The Design and Intended Use of Impeachment
The ‘Shoe-on-the-Other-Foot’ Test
Quote:
"If we want to be coherent in complaining that we have a president who has no respect for the Constitution, then we have to take seriously the design of that Constitution. It's not designed to remove a president just because we become terribly unhappy with his values."
— Laurence Tribe (00:06)
Presidential Abuses and Norm Violation
Quote:
"We now have a president who does so many things that are quite explicitly obstructing justice right out in the open that we get used to it. ... It's the normalization of outrage, the normalization of the very edge of tyranny that I'm most afraid of."
— Laurence Tribe (04:52)
Limits to What Mueller Can Achieve
Quote:
"There is no deus ex machina clause in the Constitution. There's nothing that will save us from ourselves."
— Laurence Tribe (20:24)
Collusion vs. Criminality
Quote:
"The real question of abuse of power is not limited to criminality. ... If the president, for example, he didn't commit a crime when he pardoned Arpao, but it was a clear abuse of the pardon power."
— Laurence Tribe (15:32)
Potential Civil War and National Trauma
Quote:
"Were Trump removed from office by political elites... some of his supporters would surely view the decision as an illegitimate coup."
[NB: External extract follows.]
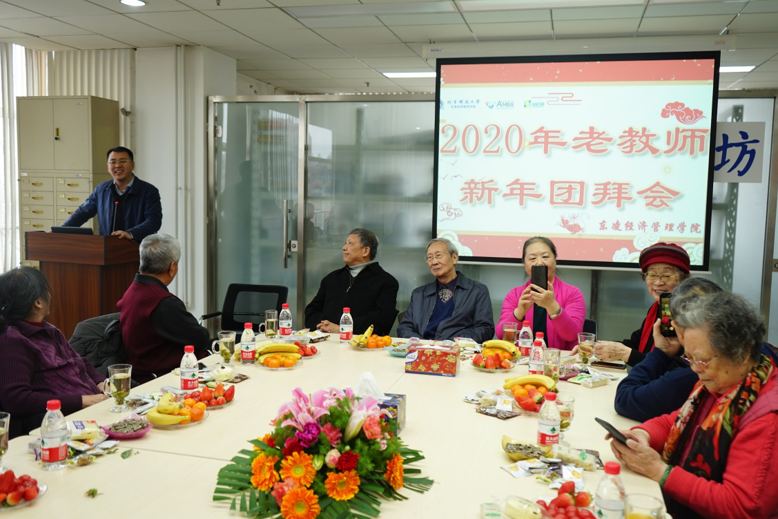 吉祥如意庆新禧,百福齐聚贺新年。2020年1月7日下午,东凌探花视频 2020年离退休教师新年团拜会在经管楼701举行。学院党委书记武森、院长闫相斌,学院领导班子成员、各系所主要负责人及教师代表与离退休教师欢聚一堂,辞旧迎新。团拜会由行政副院长温雅主持。

— Dahlia Lithwick (reading Tribe, 17:26)
Common Misunderstandings
Quote:
"A lot of people think impeachment gets rid of a president. It doesn't. It only moves to a Senate trial...people think impeachment is all about whether or not the president has committed a crime. That's not what it's about."
— Laurence Tribe (34:32)
Problems Go Deeper Than One President
Quote:
"...the solution for this is politics and organizing and thinking, or at least the solution isn’t impeachment."
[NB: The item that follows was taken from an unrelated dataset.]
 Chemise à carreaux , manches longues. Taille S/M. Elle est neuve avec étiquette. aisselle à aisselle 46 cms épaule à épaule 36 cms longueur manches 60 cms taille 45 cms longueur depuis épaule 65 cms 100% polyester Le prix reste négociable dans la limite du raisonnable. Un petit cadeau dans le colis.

— Dahlia Lithwick (summarizing Tribe, 36:13)
On Constitutional Constraints:
"If we want to be coherent in complaining that we have a president who has no respect for the Constitution, then we have to take seriously the design of that Constitution. It's not designed to remove a president just because we become terribly unhappy with his values."
(00:06, Laurence Tribe)
On Normalizing Outrage and Tyranny:
"It's the normalization of outrage, the normalization of the very edge of tyranny that I'm most afraid of..."
(04:52, Tribe)
On Magical Thinking and White Knights:
"There is no deus ex machina clause in the Constitution. There's nothing that will save us from ourselves."
(20:24, Tribe)
On Abuse of Power versus Criminality:
"The real question of abuse of power is not limited to criminality. ... If the president, for example, he didn’t commit a crime when he pardoned Arpao, but it was a clear abuse of the pardon power..."
(15:32, Tribe)
On Impeachment as a Political Tool:
"A lot of people think impeachment gets rid of a president. It doesn't. It only moves to a Senate trial, a grand inquest."
(34:32, Tribe)
Amicus’s “The Impeachment Question” brings listeners a nuanced, deeply informed conversation with Professor Laurence Tribe analyzing the risks, limits, and misunderstandings surrounding the impeachment power in the U.S. Constitution. Tribe warns against both the normalization of constitutional abuses under Trump and the irrational hope that impeachment or a special counsel will magically “save” democracy. Instead, he champions civic action, constitutional fidelity, and honest reckoning with the nation’s polarization and mistrust. The impeachment mechanism, he insists, should be reserved for existential threats to the republic and not wielded for policy disagreements or partisan advantage. The problems Trump presents expose deeper societal rifts and require patient, long-term democratic engagement beyond the removal of any one individual.